**SOURCE DATA:**
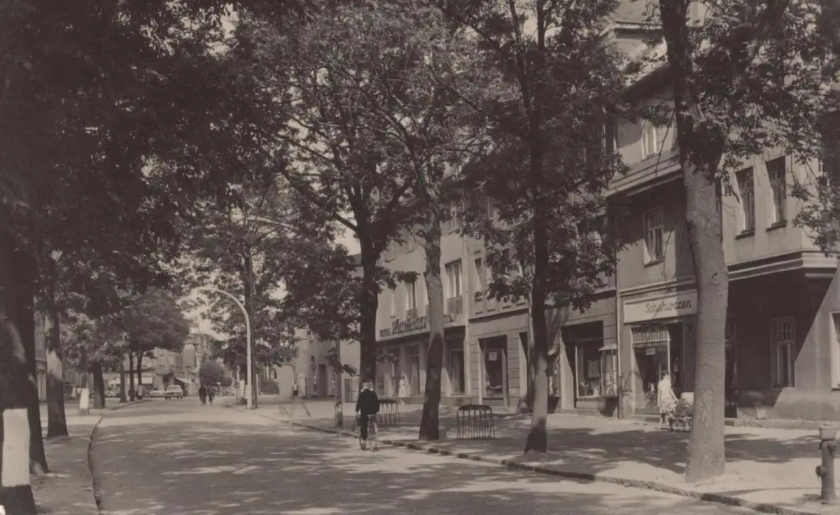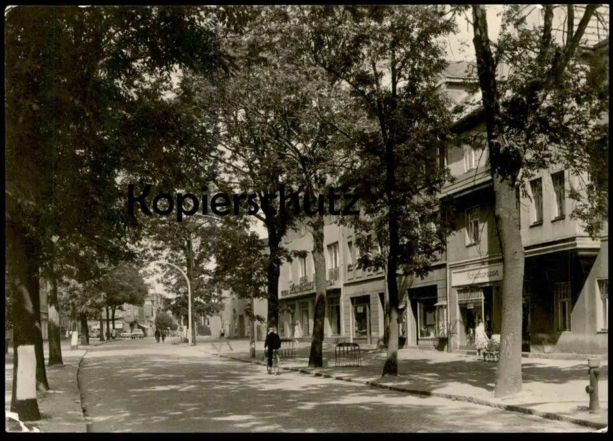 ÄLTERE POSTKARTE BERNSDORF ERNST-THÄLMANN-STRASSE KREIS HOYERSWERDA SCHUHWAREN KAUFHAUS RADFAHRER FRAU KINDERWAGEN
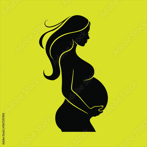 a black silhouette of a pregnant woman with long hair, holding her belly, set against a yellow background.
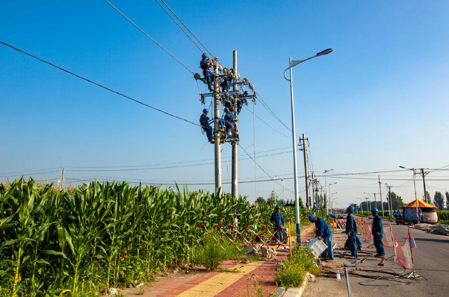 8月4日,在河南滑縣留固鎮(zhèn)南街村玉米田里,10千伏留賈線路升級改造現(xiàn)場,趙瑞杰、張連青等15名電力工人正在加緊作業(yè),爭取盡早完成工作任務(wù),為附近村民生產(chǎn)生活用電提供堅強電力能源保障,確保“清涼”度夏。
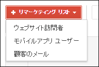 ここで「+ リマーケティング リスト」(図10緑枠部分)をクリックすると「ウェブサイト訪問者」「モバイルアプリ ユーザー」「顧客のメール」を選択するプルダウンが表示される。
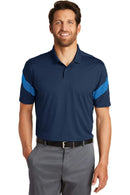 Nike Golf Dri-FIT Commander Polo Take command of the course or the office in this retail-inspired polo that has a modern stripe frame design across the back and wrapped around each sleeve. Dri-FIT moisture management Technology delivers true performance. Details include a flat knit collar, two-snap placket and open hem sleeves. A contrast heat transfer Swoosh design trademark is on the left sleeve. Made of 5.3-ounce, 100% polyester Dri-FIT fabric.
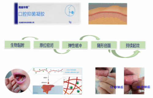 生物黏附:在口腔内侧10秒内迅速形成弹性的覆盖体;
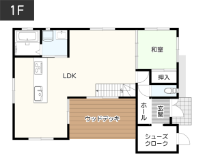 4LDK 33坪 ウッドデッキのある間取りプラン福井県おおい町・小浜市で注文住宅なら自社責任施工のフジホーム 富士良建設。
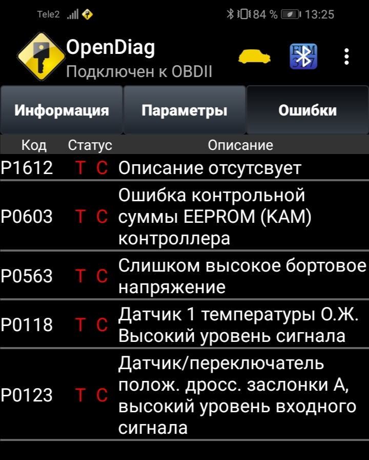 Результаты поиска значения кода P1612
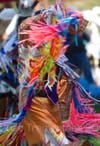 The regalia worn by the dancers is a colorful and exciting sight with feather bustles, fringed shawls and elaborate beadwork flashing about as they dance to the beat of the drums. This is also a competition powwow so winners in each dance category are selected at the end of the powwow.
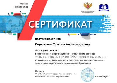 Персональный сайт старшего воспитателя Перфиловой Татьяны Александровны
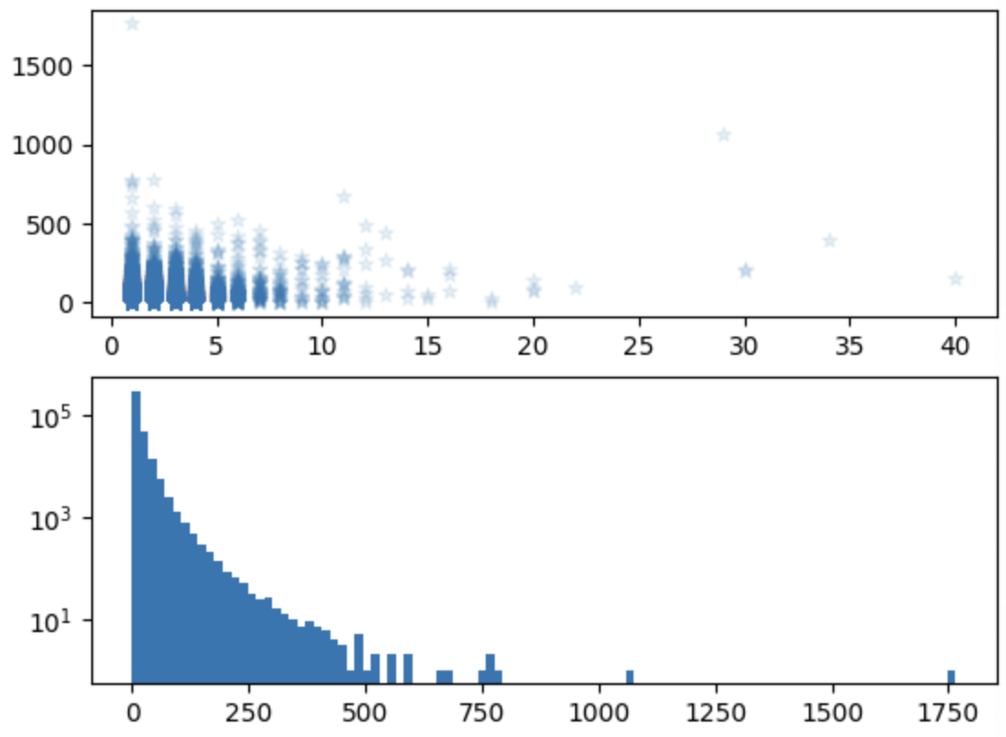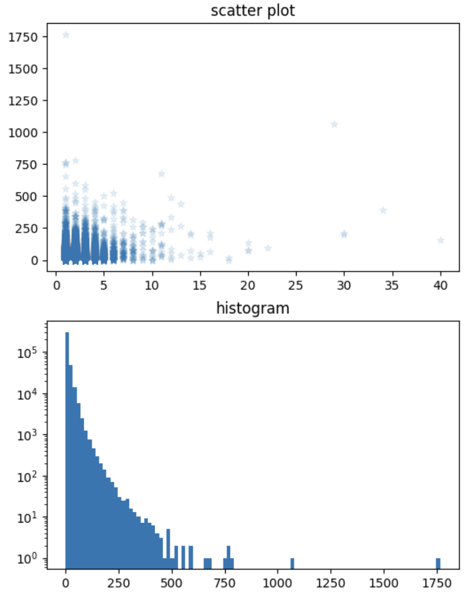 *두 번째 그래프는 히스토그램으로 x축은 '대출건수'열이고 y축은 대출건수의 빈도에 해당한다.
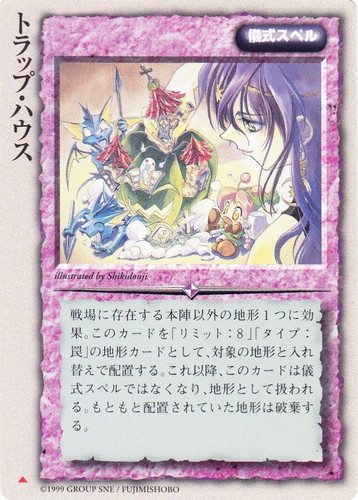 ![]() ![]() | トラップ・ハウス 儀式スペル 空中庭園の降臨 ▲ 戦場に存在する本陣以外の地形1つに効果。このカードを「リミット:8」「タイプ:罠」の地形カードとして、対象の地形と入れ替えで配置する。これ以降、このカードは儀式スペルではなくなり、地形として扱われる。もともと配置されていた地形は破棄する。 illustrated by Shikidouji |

**GOAL OF THE EXERCISE:** Once more, please print all the lines above exactly, without their pictures.

**ANSWER BOX:**
 ÄLTERE POSTKARTE BERNSDORF ERNST-THÄLMANN-STRASSE KREIS HOYERSWERDA SCHUHWAREN KAUFHAUS RADFAHRER FRAU KINDERWAGEN
 a black silhouette of a pregnant woman with long hair, holding her belly, set against a yellow background.
 8月4日,在河南滑縣留固鎮(zhèn)南街村玉米田里,10千伏留賈線路升級改造現(xiàn)場,趙瑞杰、張連青等15名電力工人正在加緊作業(yè),爭取盡早完成工作任務(wù),為附近村民生產(chǎn)生活用電提供堅強電力能源保障,確保“清涼”度夏。
 ここで「+ リマーケティング リスト」(図10緑枠部分)をクリックすると「ウェブサイト訪問者」「モバイルアプリ ユーザー」「顧客のメール」を選択するプルダウンが表示される。
 Nike Golf Dri-FIT Commander Polo Take command of the course or the office in this retail-inspired polo that has a modern stripe frame design across the back and wrapped around each sleeve. Dri-FIT moisture management Technology delivers true performance. Details include a flat knit collar, two-snap placket and open hem sleeves. A contrast heat transfer Swoosh design trademark is on the left sleeve. Made of 5.3-ounce, 100% polyester Dri-FIT fabric.
 生物黏附:在口腔内侧10秒内迅速形成弹性的覆盖体;
 4LDK 33坪 ウッドデッキのある間取りプラン福井県おおい町・小浜市で注文住宅なら自社責任施工のフジホーム 富士良建設。
 Результаты поиска значения кода P1612
 The regalia worn by the dancers is a colorful and exciting sight with feather bustles, fringed shawls and elaborate beadwork flashing about as they dance to the beat of the drums. This is also a competition powwow so winners in each dance category are selected at the end of the powwow.
 Персональный сайт старшего воспитателя Перфиловой Татьяны Александровны
 *두 번째 그래프는 히스토그램으로 x축은 '대출건수'열이고 y축은 대출건수의 빈도에 해당한다.
 ![]() ![]() | トラップ・ハウス 儀式スペル 空中庭園の降臨 ▲ 戦場に存在する本陣以外の地形1つに効果。このカードを「リミット:8」「タイプ:罠」の地形カードとして、対象の地形と入れ替えで配置する。これ以降、このカードは儀式スペルではなくなり、地形として扱われる。もともと配置されていた地形は破棄する。 illustrated by Shikidouji |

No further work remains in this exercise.